By Jenny Callison, posted Nov 6, 2014
GE Hitachi Nuclear Energy (GEH) will perform a comprehensive safety assessment of its PRISM sodium-cooled fast nuclear reactor, thanks to a multi-million-dollar federal investment from the U.S. Department of Energy (DOE), the company announced Thursday.
 
GEH officials are not sure yet of the exact amount of federal funds allocated to the project, company spokesman Jon Allen said Thursday.
 
This research investment by the DOE will enable Castle Hayne-based GEH to partner with the Argonne National Laboratory in developing up-to-date risk assessment methodologies for PRISM and then to perform the assessment, according to a news release from the company.
 
“It’s a regulatory requirement that we run a series of analyses that will demonstrate how PRISM’s safety systems are going to operate and interact in several different scenarios,” Allen said.
 
The technology on which PRISM is based was developed in the 1980s and, unlike other nuclear reactors, it can use spent nuclear fuel and surplus plutonium to generate electricity.
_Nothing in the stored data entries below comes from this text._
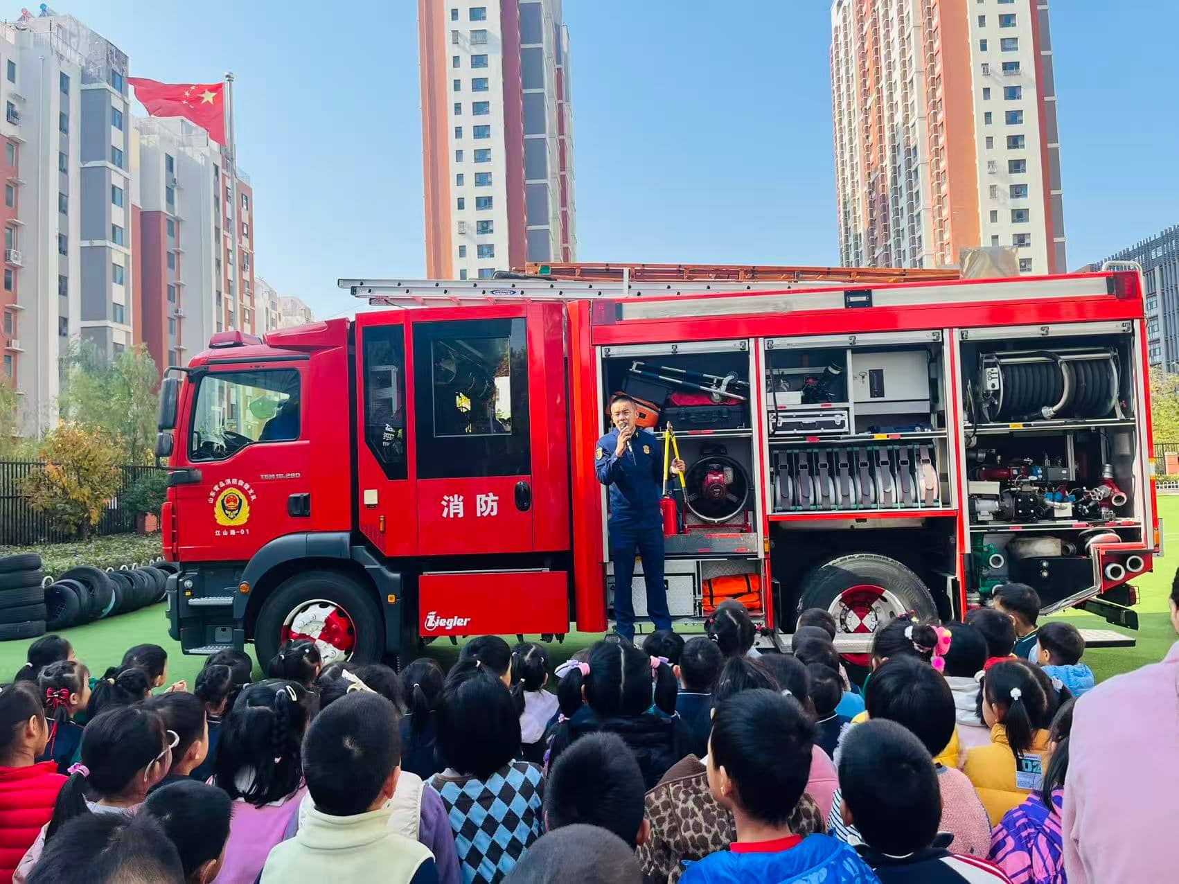 课堂上,消防员叔叔化身“安全老师”,打开精心准备的PPT。屏幕里五颜六色的卡通消防标志、生动有趣的火灾避险小故事,瞬间吸引了孩子们的目光。“红色的‘禁止烟火’标志像小警示灯,看到它就不能玩火哦!”消防员一边指着PPT上的消防器械图片,一边讲解灭火器、消防服的用途,还现场展示了消防员的全套消防装备——当一位“蓝朋友”戴上头盔时,孩子们纷纷睁大眼睛惊呼:“叔叔好像超级英雄!”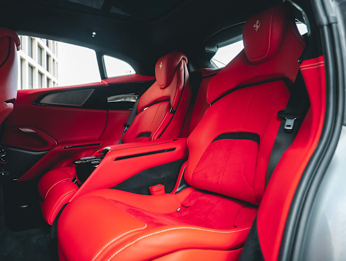 The car features striking, modern styling, highlighted by Ferrari's ‘welcome doors’. These electric, rear-hinged doors reveal a panoramic interior, yet the conventional B-pillar ensures structural rigidity. This allows enough space for four full-size adults to sit comfortably, and the rear compartment can swallow a generous 473 litres.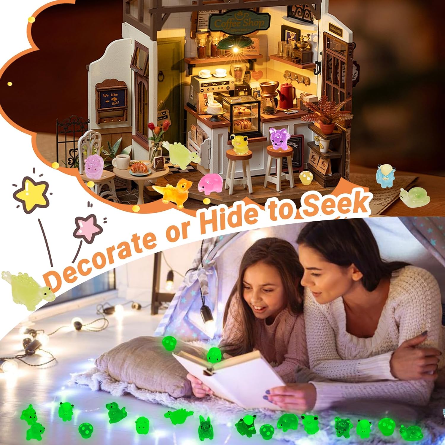 Mini Resin Animals Figures to Hide, 72 PCS Tiny Animal Figurines Small Plastic Animals Variety Pack Luminous Glow in The Dark, Little Ducks Miniature Dinosaurs for Fairy Garden Aquarium Decor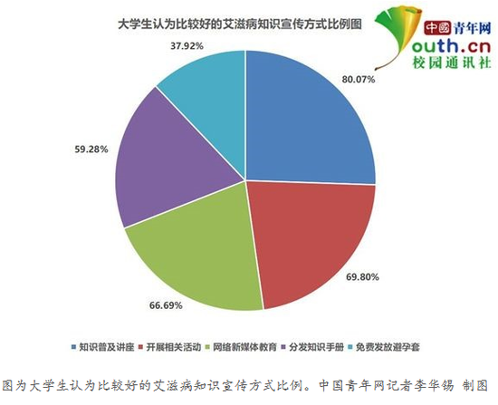 在調查中,80.07%的大學生認為比較好的艾滋病宣傳方式是“知識普及講座”,其次為“開展相關活動”和“網絡新媒體教育”,各占69.8%、66.69%。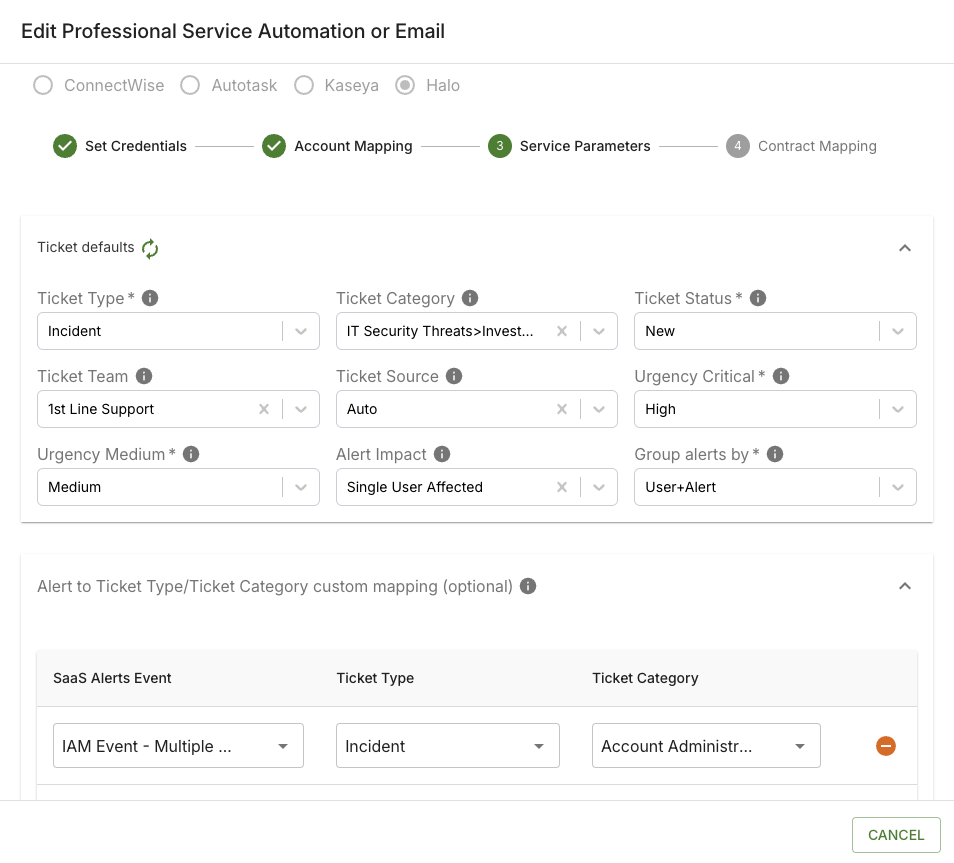 - Most of the settings on this screen are specific to Halo PSA and will be set according to your particular needs, automations and workflows for triaging tickets generated from SaaS Alerts. Required fields are marked as such with an asterisk.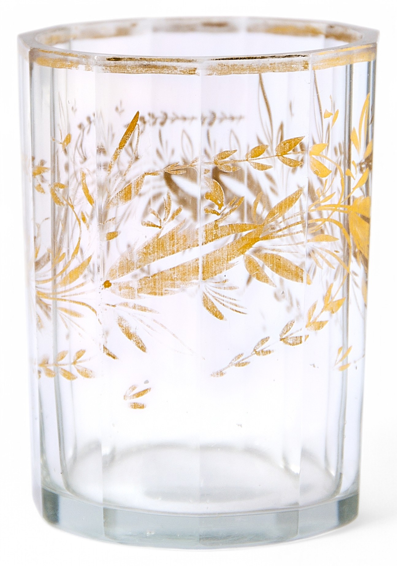 В конце XVIII века богемские стеклодувы славились своими технологическими инновациями, включая многослойное стекло, резьбу и позолоту. Золотая роспись, выполненная по шлифованному стеклу, требовала высокой точности: сусальное золото наносилось на подготовленную поверхность, а затем запекалось при высокой температуре, обеспечивая прочность покрытия.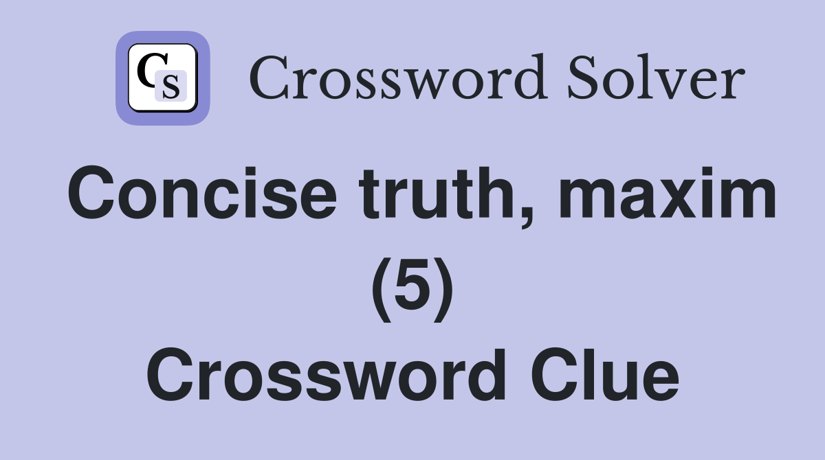 Concise truth maxim (5) Crossword Clue Answers Crossword Solver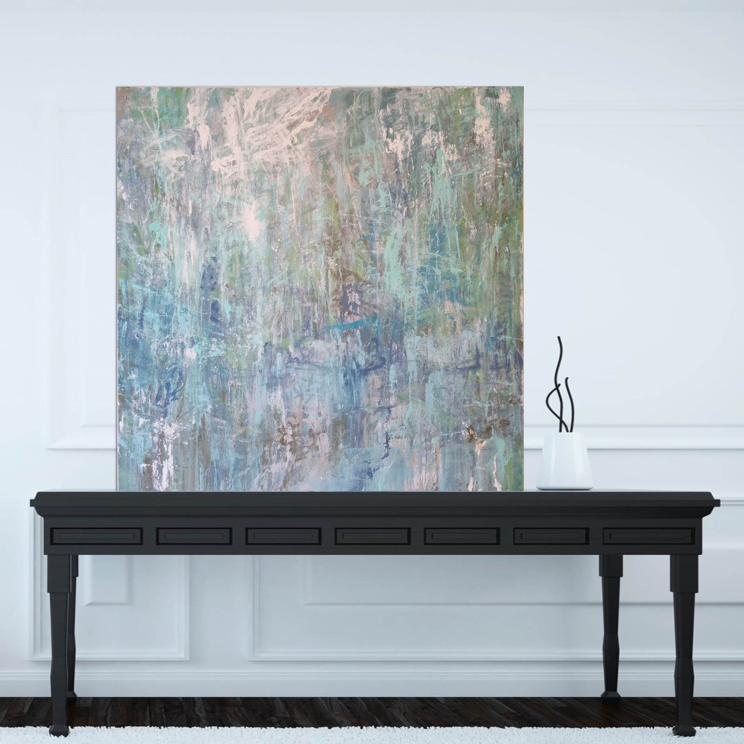 This painting is finished with a modern soft satin protective finish and matte white edges. It’s feel within a room is dynamic and decorative, yet holds a grounding and calming effect, sure to make an appealing feature, at home equally in a domestic interior or corporate space.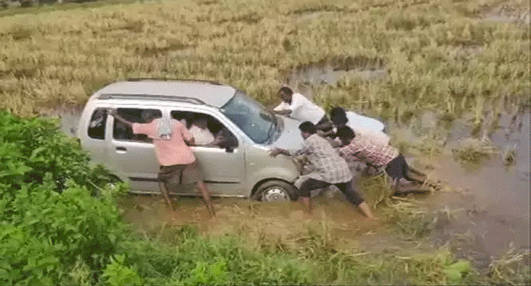 డాక్టర్ బీఆర్ అంబేద్కర్ కోనసీమ జిల్లా ముమ్మిడివరం మండలం గాడిలంక దగ్గర కారు పొలాల్లోకి దూసుకెళ్లింది. యానాం నుంచి ముగ్గురు కారులో మంగళవారం మధ్యాహ్నం ముమ్మిడివరం మండలం కొత్తలంకలోని వలీబాబా దర్గాకు వెళ్తున్నారు. ఈ క్రమంలో గాడిలంక దగ్గరకు రాగానే ఓ పాము కారు స్టీరింగ్పైకి వచ్చింది.. డ్రైవర్ భయంతో ఉలిక్కిపడ్డాడు.. ఆ భయంతో స్టీరింగ్ వదిలేశాడు. దీంతో కారు అదుపుతప్పి పక్కనేఉన్న పంట పొలాల్లోకి దూసుకెళ్లింది.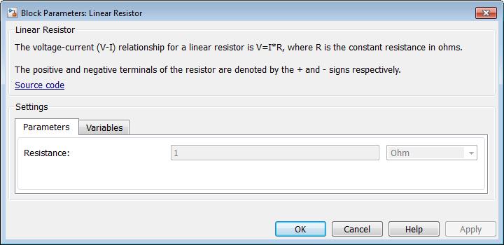 Параметр R, со значением по умолчанию 1 Ohm, указывая значение сопротивления. Этот параметр появляется в диалоговом окне блока, созданного из файла компонента, и может быть изменен при построении и моделировании модели. Комментарий, следующий непосредственно за объявлением параметра, Resistanceопределяет способ отображения имени параметра блока в диалоговом окне.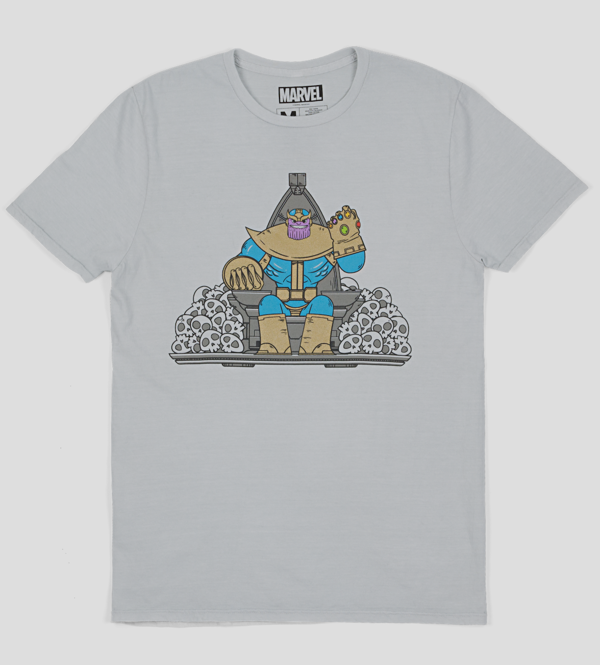 Inside this month’s Loot Crate is a T-Shirt designed by JO3BOT (who designed Marvel’s NYCC 2012 shirt), which shows The Mad Titan, Thanos reclining in his terrifying throne having completed his latest DIY project (collecting the fabled Infinity Stones and conquering the Marvel Universe!).  This shirt is officially licensed from Marvel and exclusive to Loot Crate.
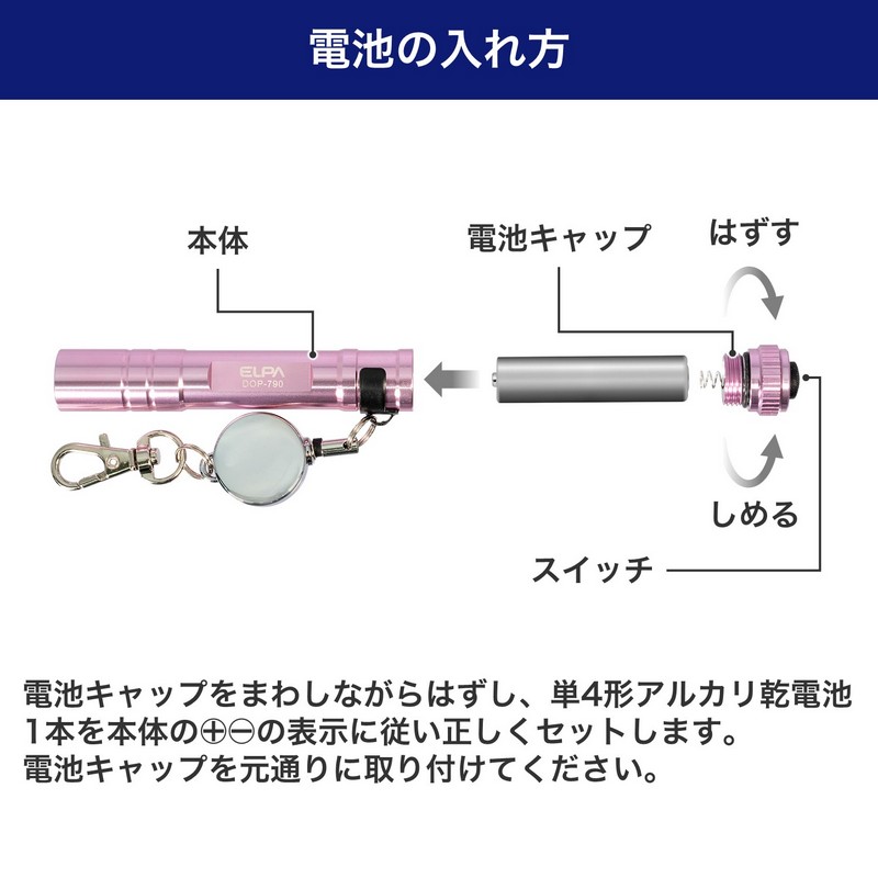 ●電池1本で点灯し、コンパクトで携帯に便利なサイズ

Since the early 1990s, however, no risk assessments have been done on the technology.
 
“The new assessments will take advantage of advances in engineering knowledge and computer power,” Allen said.
 
PRISM is an “exciting technology” that has great promise because it can use other reactors’ waste, Jay Wileman, GEH senior vice president of nuclear plant products, said in the release. He added, “Updating the safety assessment of PRISM will be important in supporting licensing efforts worldwide.”
 
The Nuclear Regulatory Commission will not grant a license to build a PRISM reactor plant without a positive outcome from the risk assessment, Allen said.
 
Meanwhile, GEH officials see immediate potential for PRISM technology in the UK, which currently has the world’s greatest civilian stockpile of plutonium, Allen said. Development of PRISM reactors could use that plutonium, reducing the risk and the cost of storing such dangerous material, while at the same time generating electricity for general use.

Plutonium has a half-life period of 300,000 years, Allen said, while use of that plutonium as fuel for the PRISM reactor cuts that half-life period to 300 years. A half-life period is the time required for half of the unstable, radioactive atoms in an element to undergo radioactive decay.